▶ Your instructions:
Could you transcribe every entry below exactly, leaving out the pictures?

▶ Data entries:
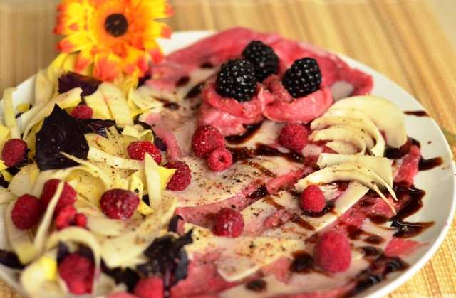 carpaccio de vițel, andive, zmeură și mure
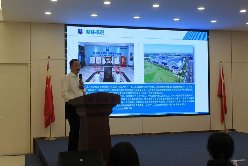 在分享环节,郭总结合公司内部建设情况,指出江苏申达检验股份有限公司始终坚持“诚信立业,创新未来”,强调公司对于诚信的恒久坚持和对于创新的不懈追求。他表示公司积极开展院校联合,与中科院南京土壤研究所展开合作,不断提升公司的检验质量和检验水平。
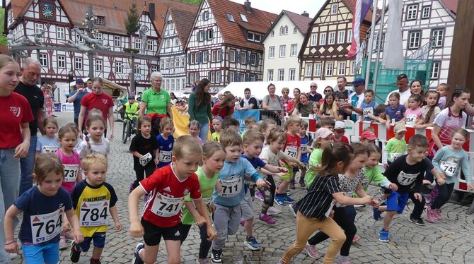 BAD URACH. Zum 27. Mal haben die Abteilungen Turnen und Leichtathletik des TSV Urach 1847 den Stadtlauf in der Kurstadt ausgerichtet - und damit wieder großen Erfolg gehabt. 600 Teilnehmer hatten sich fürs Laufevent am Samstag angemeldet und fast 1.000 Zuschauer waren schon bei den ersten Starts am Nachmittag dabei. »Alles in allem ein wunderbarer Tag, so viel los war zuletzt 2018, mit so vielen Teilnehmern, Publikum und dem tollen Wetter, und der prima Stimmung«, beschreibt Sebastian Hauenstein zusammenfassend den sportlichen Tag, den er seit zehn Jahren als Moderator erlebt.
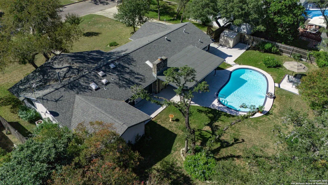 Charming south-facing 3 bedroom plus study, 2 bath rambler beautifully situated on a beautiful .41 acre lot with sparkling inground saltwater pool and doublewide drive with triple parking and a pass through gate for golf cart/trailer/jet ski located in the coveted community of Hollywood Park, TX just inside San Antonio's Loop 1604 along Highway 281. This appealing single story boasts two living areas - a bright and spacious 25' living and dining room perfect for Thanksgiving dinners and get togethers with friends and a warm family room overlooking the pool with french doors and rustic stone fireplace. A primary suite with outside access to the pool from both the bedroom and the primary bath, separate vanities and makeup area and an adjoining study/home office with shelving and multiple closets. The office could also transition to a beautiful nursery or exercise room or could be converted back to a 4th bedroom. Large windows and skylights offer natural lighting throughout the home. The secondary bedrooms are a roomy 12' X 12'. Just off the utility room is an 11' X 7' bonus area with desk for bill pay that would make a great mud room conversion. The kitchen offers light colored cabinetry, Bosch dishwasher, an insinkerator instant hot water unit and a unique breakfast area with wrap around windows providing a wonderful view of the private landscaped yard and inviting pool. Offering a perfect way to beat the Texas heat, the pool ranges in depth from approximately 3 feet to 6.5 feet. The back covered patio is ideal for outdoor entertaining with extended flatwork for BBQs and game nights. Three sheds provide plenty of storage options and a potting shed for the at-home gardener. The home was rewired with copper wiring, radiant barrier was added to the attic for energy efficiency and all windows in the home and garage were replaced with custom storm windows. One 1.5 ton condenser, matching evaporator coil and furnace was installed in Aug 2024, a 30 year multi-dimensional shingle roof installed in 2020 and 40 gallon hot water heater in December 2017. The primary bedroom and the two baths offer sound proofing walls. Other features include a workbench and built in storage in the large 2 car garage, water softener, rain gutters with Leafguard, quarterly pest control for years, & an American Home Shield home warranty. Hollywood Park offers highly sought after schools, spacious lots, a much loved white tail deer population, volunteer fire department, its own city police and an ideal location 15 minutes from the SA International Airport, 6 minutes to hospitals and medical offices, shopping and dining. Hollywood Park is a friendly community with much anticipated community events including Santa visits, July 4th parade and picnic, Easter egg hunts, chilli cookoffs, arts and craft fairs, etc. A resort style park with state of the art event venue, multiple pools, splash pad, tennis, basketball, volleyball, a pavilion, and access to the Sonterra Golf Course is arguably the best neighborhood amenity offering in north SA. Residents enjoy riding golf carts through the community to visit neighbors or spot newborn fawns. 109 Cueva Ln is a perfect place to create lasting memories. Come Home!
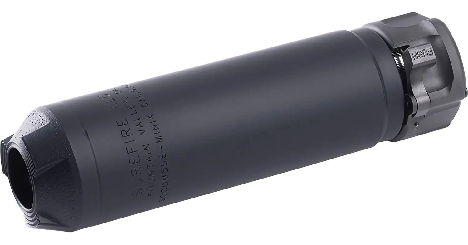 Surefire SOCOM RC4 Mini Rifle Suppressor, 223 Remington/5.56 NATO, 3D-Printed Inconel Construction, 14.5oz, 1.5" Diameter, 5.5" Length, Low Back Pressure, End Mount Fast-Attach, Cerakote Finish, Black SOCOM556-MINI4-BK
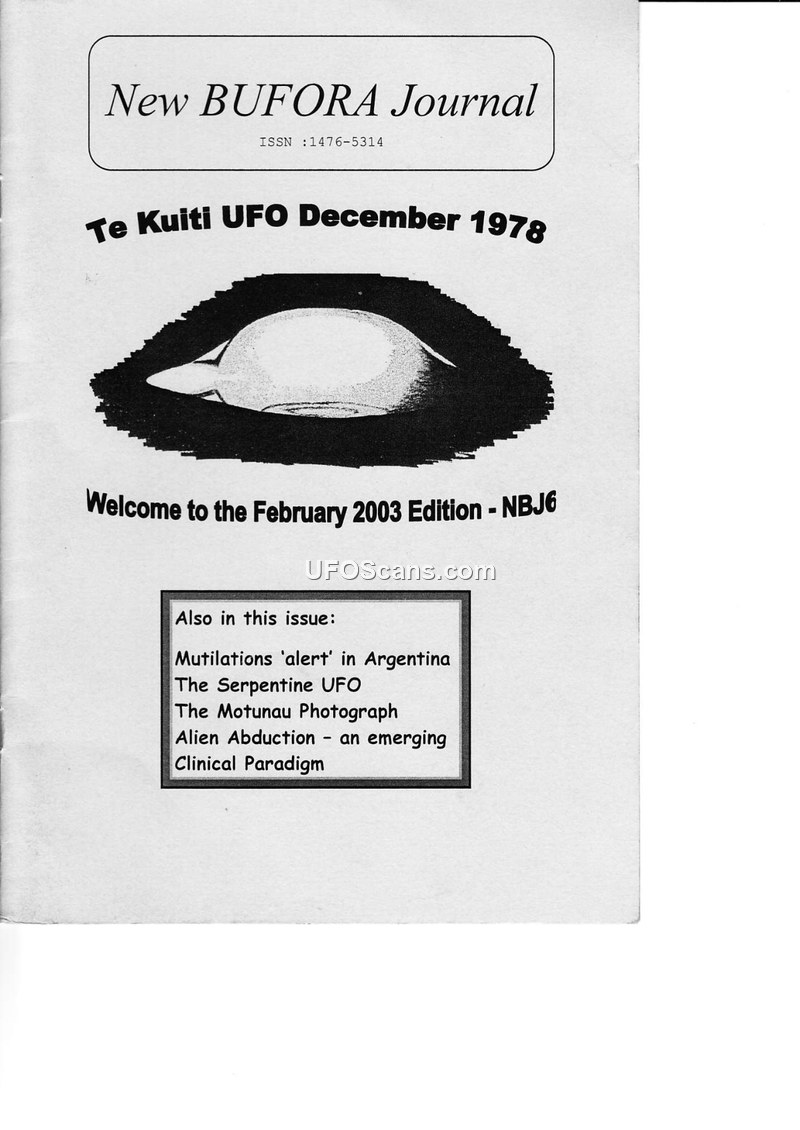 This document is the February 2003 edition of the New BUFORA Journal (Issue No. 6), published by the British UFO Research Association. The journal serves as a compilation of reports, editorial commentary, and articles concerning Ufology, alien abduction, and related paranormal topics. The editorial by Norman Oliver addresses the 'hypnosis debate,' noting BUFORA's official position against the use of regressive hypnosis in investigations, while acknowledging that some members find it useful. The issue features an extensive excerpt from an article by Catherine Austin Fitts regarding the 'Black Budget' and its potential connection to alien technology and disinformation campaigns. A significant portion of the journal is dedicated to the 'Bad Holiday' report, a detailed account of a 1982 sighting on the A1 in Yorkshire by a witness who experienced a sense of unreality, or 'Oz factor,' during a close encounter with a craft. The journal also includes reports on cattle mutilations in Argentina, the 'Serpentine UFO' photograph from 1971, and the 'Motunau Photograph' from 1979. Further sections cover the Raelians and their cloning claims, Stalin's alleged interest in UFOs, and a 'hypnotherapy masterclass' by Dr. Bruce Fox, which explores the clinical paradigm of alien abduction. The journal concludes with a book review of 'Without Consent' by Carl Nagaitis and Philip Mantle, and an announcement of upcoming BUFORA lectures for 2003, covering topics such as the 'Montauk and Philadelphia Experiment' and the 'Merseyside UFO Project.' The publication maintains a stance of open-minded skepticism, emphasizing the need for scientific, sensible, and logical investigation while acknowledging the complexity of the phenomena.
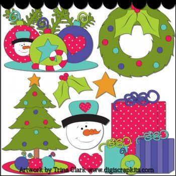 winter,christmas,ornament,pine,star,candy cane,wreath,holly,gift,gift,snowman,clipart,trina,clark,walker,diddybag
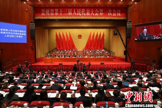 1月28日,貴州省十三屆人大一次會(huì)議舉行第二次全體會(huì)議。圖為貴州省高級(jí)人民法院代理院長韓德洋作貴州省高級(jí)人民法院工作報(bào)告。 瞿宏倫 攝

▶ Solution to this task:
 carpaccio de vițel, andive, zmeură și mure
 在分享环节,郭总结合公司内部建设情况,指出江苏申达检验股份有限公司始终坚持“诚信立业,创新未来”,强调公司对于诚信的恒久坚持和对于创新的不懈追求。他表示公司积极开展院校联合,与中科院南京土壤研究所展开合作,不断提升公司的检验质量和检验水平。
 BAD URACH. Zum 27. Mal haben die Abteilungen Turnen und Leichtathletik des TSV Urach 1847 den Stadtlauf in der Kurstadt ausgerichtet - und damit wieder großen Erfolg gehabt. 600 Teilnehmer hatten sich fürs Laufevent am Samstag angemeldet und fast 1.000 Zuschauer waren schon bei den ersten Starts am Nachmittag dabei. »Alles in allem ein wunderbarer Tag, so viel los war zuletzt 2018, mit so vielen Teilnehmern, Publikum und dem tollen Wetter, und der prima Stimmung«, beschreibt Sebastian Hauenstein zusammenfassend den sportlichen Tag, den er seit zehn Jahren als Moderator erlebt.
 Charming south-facing 3 bedroom plus study, 2 bath rambler beautifully situated on a beautiful .41 acre lot with sparkling inground saltwater pool and doublewide drive with triple parking and a pass through gate for golf cart/trailer/jet ski located in the coveted community of Hollywood Park, TX just inside San Antonio's Loop 1604 along Highway 281. This appealing single story boasts two living areas - a bright and spacious 25' living and dining room perfect for Thanksgiving dinners and get togethers with friends and a warm family room overlooking the pool with french doors and rustic stone fireplace. A primary suite with outside access to the pool from both the bedroom and the primary bath, separate vanities and makeup area and an adjoining study/home office with shelving and multiple closets. The office could also transition to a beautiful nursery or exercise room or could be converted back to a 4th bedroom. Large windows and skylights offer natural lighting throughout the home. The secondary bedrooms are a roomy 12' X 12'. Just off the utility room is an 11' X 7' bonus area with desk for bill pay that would make a great mud room conversion. The kitchen offers light colored cabinetry, Bosch dishwasher, an insinkerator instant hot water unit and a unique breakfast area with wrap around windows providing a wonderful view of the private landscaped yard and inviting pool. Offering a perfect way to beat the Texas heat, the pool ranges in depth from approximately 3 feet to 6.5 feet. The back covered patio is ideal for outdoor entertaining with extended flatwork for BBQs and game nights. Three sheds provide plenty of storage options and a potting shed for the at-home gardener. The home was rewired with copper wiring, radiant barrier was added to the attic for energy efficiency and all windows in the home and garage were replaced with custom storm windows. One 1.5 ton condenser, matching evaporator coil and furnace was installed in Aug 2024, a 30 year multi-dimensional shingle roof installed in 2020 and 40 gallon hot water heater in December 2017. The primary bedroom and the two baths offer sound proofing walls. Other features include a workbench and built in storage in the large 2 car garage, water softener, rain gutters with Leafguard, quarterly pest control for years, & an American Home Shield home warranty. Hollywood Park offers highly sought after schools, spacious lots, a much loved white tail deer population, volunteer fire department, its own city police and an ideal location 15 minutes from the SA International Airport, 6 minutes to hospitals and medical offices, shopping and dining. Hollywood Park is a friendly community with much anticipated community events including Santa visits, July 4th parade and picnic, Easter egg hunts, chilli cookoffs, arts and craft fairs, etc. A resort style park with state of the art event venue, multiple pools, splash pad, tennis, basketball, volleyball, a pavilion, and access to the Sonterra Golf Course is arguably the best neighborhood amenity offering in north SA. Residents enjoy riding golf carts through the community to visit neighbors or spot newborn fawns. 109 Cueva Ln is a perfect place to create lasting memories. Come Home!
 Surefire SOCOM RC4 Mini Rifle Suppressor, 223 Remington/5.56 NATO, 3D-Printed Inconel Construction, 14.5oz, 1.5" Diameter, 5.5" Length, Low Back Pressure, End Mount Fast-Attach, Cerakote Finish, Black SOCOM556-MINI4-BK
 This document is the February 2003 edition of the New BUFORA Journal (Issue No. 6), published by the British UFO Research Association. The journal serves as a compilation of reports, editorial commentary, and articles concerning Ufology, alien abduction, and related paranormal topics. The editorial by Norman Oliver addresses the 'hypnosis debate,' noting BUFORA's official position against the use of regressive hypnosis in investigations, while acknowledging that some members find it useful. The issue features an extensive excerpt from an article by Catherine Austin Fitts regarding the 'Black Budget' and its potential connection to alien technology and disinformation campaigns. A significant portion of the journal is dedicated to the 'Bad Holiday' report, a detailed account of a 1982 sighting on the A1 in Yorkshire by a witness who experienced a sense of unreality, or 'Oz factor,' during a close encounter with a craft. The journal also includes reports on cattle mutilations in Argentina, the 'Serpentine UFO' photograph from 1971, and the 'Motunau Photograph' from 1979. Further sections cover the Raelians and their cloning claims, Stalin's alleged interest in UFOs, and a 'hypnotherapy masterclass' by Dr. Bruce Fox, which explores the clinical paradigm of alien abduction. The journal concludes with a book review of 'Without Consent' by Carl Nagaitis and Philip Mantle, and an announcement of upcoming BUFORA lectures for 2003, covering topics such as the 'Montauk and Philadelphia Experiment' and the 'Merseyside UFO Project.' The publication maintains a stance of open-minded skepticism, emphasizing the need for scientific, sensible, and logical investigation while acknowledging the complexity of the phenomena.
 winter,christmas,ornament,pine,star,candy cane,wreath,holly,gift,gift,snowman,clipart,trina,clark,walker,diddybag
 1月28日,貴州省十三屆人大一次會(huì)議舉行第二次全體會(huì)議。圖為貴州省高級(jí)人民法院代理院長韓德洋作貴州省高級(jí)人民法院工作報(bào)告。 瞿宏倫 攝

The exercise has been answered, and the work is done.